_Records for this task_:
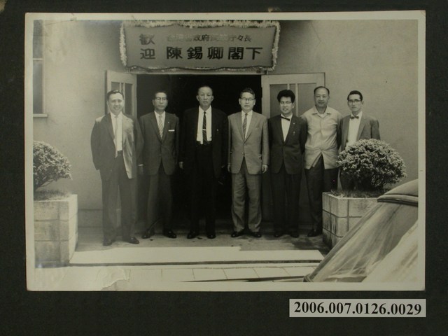 此物件為時任民政廳廳長的陳錫卿接受日本機關招待的紀念照片,其中由左數來第三位者即為陳錫卿。 此物件所提及的主要人物為陳錫卿,1907年出身南投竹山,在1933年開始,先後進入滿州國以及上海汪精衛政府任職。1948年在臺灣參加於臺北舉辦的「臺灣省縣長考試」,37人應試,僅有陳錫卿、何舉凡、林伏濤3人入選,3人中僅陳錫卿為臺灣人,同年4月2日陳錫卿被任命為彰化市長。在1950年彰化縣成立後,陳錫卿官派成為縣長,後在1951年辭退官派縣長投入選舉並當選第1屆民選縣長,1954年再次投入選舉並連任。陳錫卿在彰化縣長任內的重要政績為興建八卦山風景區並且修建八卦山大佛,後於1960年出任省政府民政廳廳長,並持續擔任到1966年。在1967年被指派為中國國民黨中央黨部副秘書長。
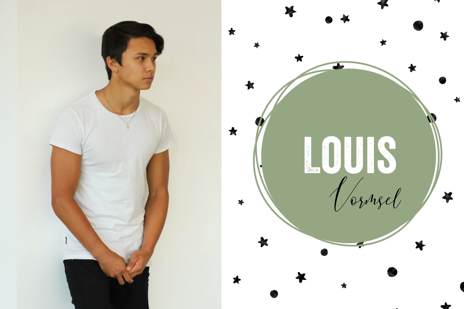 Hippe vormselkaart met aan de linkerkant ruimte om een eigen foto te uploaden. Op het rechtervlak staat een cirkel in mintgroen op een wit vlak met zwarte sterretjes en stipjes. De tekst op de achterzijde staat op mintgroen met wit kader, maak de kaart persoonlijk in de online editor.
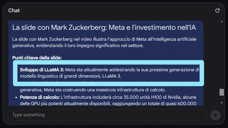 - Nella prima immagine si vede come descrive correttamente il punto in cui nel video parlo di Llama 3 di Meta.
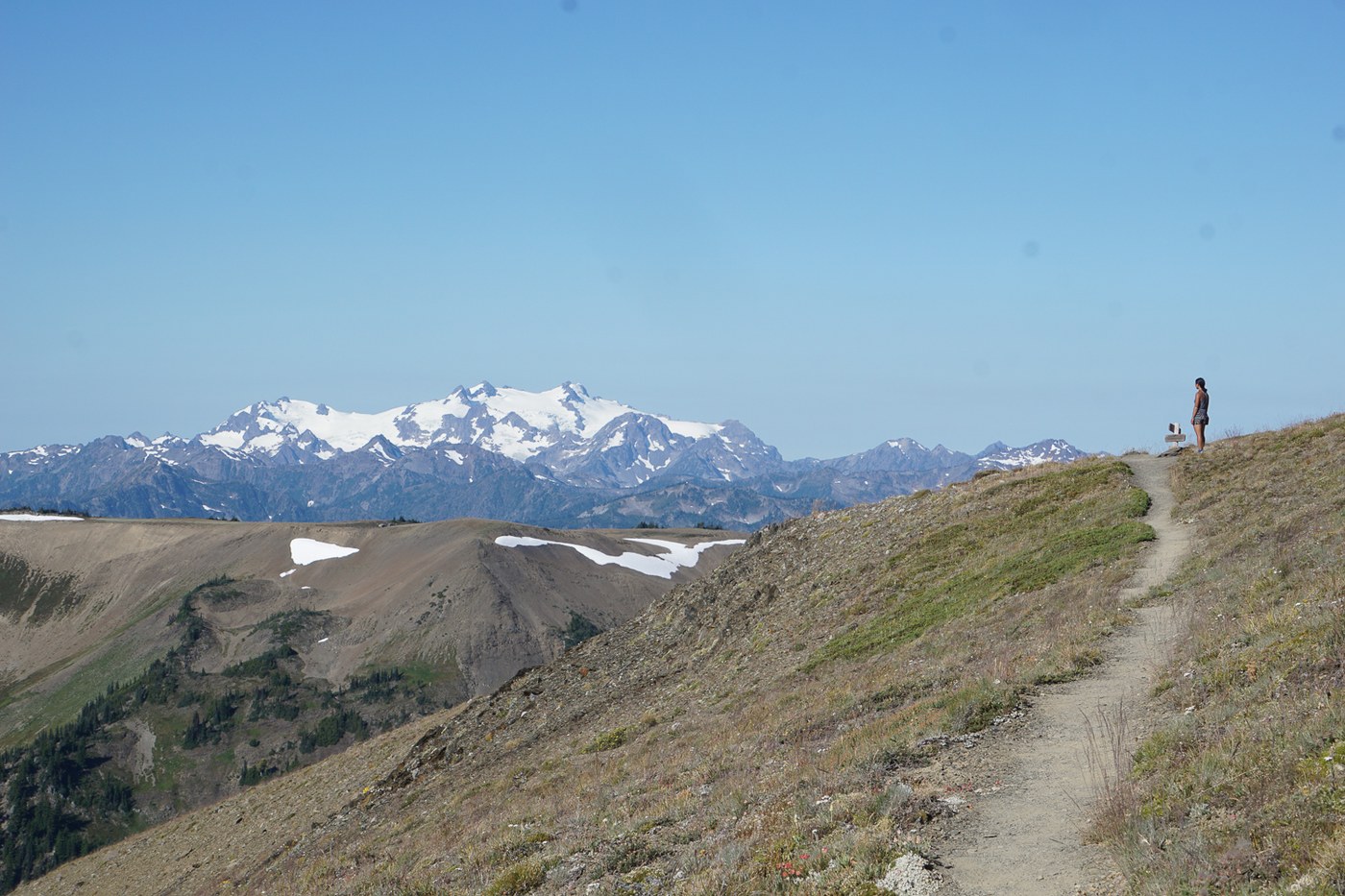 Continuous beautiful views on ridge after leaving the forest. Mostly grassy meadows by now. Most wildflowers are gone. Pretty windy, which was nice since we were there on the hottest day of the year so far.
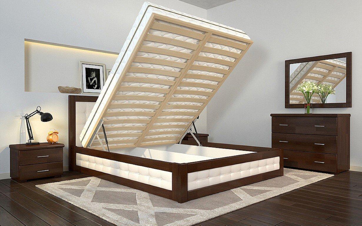 Ультрамодная кровать Рената М с подъёмным механизмом изготовляется из натуральной сосны и бука, на выбор. Натуральное дерево является не только универсальным, но часто и лучшим материалом для изготовления мебельных изделий. Его используют для создания различных элементов мебельной продукции: оснований,  вспомогательных деталей, а также декора. Зависимо от назначения задействуют разные варианты древесины. Сосна используется в целях производства мебели, как экологически чистый материал. Ей присуща средняя плотность и высокая устойчивость ко влаге, что делает её износостойкой. Такую древесину часто применяют, когда требуется изделие с хорошим показателем прочности и надёжности. Как следствие, мебель изготовленная из сосны отличается долголетием. Бук обладает высокой износостойкостью из-за плотности древесины, которая гарантирует долговечность и надёжность кровати. Стойкость ко влаге значительно выше, чем у других материалов, а мелкая однородная текстура придаёт привлекательный внешний вид и помогает выгодно имитировать цвета редких пород деревьев. Из-за присущих буку преимуществ он широко используется в производстве мебели.
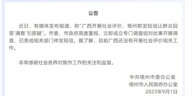 ·網(wǎng)傳廣西開展社會評價,梧州群發(fā)短信讓群眾回答“滿意”,梧州市政府:開展調(diào)查,已責(zé)成相關(guān)部門停發(fā)短信。據(jù)了解廣西還未開展社會評價相關(guān)工作。
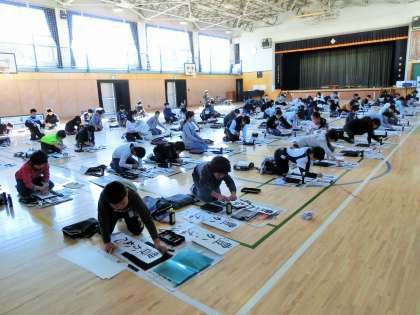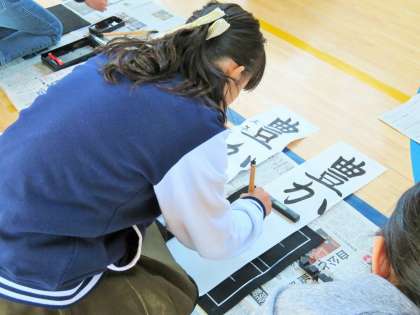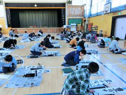 5年生の書き初め会の様子です。「豊かな心」というお題でしたが、お手本を見ながらみんな一生懸命です。私語のない静寂な雰囲気の中、体育館には墨の香りがいっぱい漂っていました。

_Problem_:
Please leave the images out and retype the rest of the material exactly.

_Task result_:
 此物件為時任民政廳廳長的陳錫卿接受日本機關招待的紀念照片,其中由左數來第三位者即為陳錫卿。 此物件所提及的主要人物為陳錫卿,1907年出身南投竹山,在1933年開始,先後進入滿州國以及上海汪精衛政府任職。1948年在臺灣參加於臺北舉辦的「臺灣省縣長考試」,37人應試,僅有陳錫卿、何舉凡、林伏濤3人入選,3人中僅陳錫卿為臺灣人,同年4月2日陳錫卿被任命為彰化市長。在1950年彰化縣成立後,陳錫卿官派成為縣長,後在1951年辭退官派縣長投入選舉並當選第1屆民選縣長,1954年再次投入選舉並連任。陳錫卿在彰化縣長任內的重要政績為興建八卦山風景區並且修建八卦山大佛,後於1960年出任省政府民政廳廳長,並持續擔任到1966年。在1967年被指派為中國國民黨中央黨部副秘書長。
 Hippe vormselkaart met aan de linkerkant ruimte om een eigen foto te uploaden. Op het rechtervlak staat een cirkel in mintgroen op een wit vlak met zwarte sterretjes en stipjes. De tekst op de achterzijde staat op mintgroen met wit kader, maak de kaart persoonlijk in de online editor.
 - Nella prima immagine si vede come descrive correttamente il punto in cui nel video parlo di Llama 3 di Meta.
 Continuous beautiful views on ridge after leaving the forest. Mostly grassy meadows by now. Most wildflowers are gone. Pretty windy, which was nice since we were there on the hottest day of the year so far.
 Ультрамодная кровать Рената М с подъёмным механизмом изготовляется из натуральной сосны и бука, на выбор. Натуральное дерево является не только универсальным, но часто и лучшим материалом для изготовления мебельных изделий. Его используют для создания различных элементов мебельной продукции: оснований,  вспомогательных деталей, а также декора. Зависимо от назначения задействуют разные варианты древесины. Сосна используется в целях производства мебели, как экологически чистый материал. Ей присуща средняя плотность и высокая устойчивость ко влаге, что делает её износостойкой. Такую древесину часто применяют, когда требуется изделие с хорошим показателем прочности и надёжности. Как следствие, мебель изготовленная из сосны отличается долголетием. Бук обладает высокой износостойкостью из-за плотности древесины, которая гарантирует долговечность и надёжность кровати. Стойкость ко влаге значительно выше, чем у других материалов, а мелкая однородная текстура придаёт привлекательный внешний вид и помогает выгодно имитировать цвета редких пород деревьев. Из-за присущих буку преимуществ он широко используется в производстве мебели.
 ·網(wǎng)傳廣西開展社會評價,梧州群發(fā)短信讓群眾回答“滿意”,梧州市政府:開展調(diào)查,已責(zé)成相關(guān)部門停發(fā)短信。據(jù)了解廣西還未開展社會評價相關(guān)工作。
 5年生の書き初め会の様子です。「豊かな心」というお題でしたが、お手本を見ながらみんな一生懸命です。私語のない静寂な雰囲気の中、体育館には墨の香りがいっぱい漂っていました。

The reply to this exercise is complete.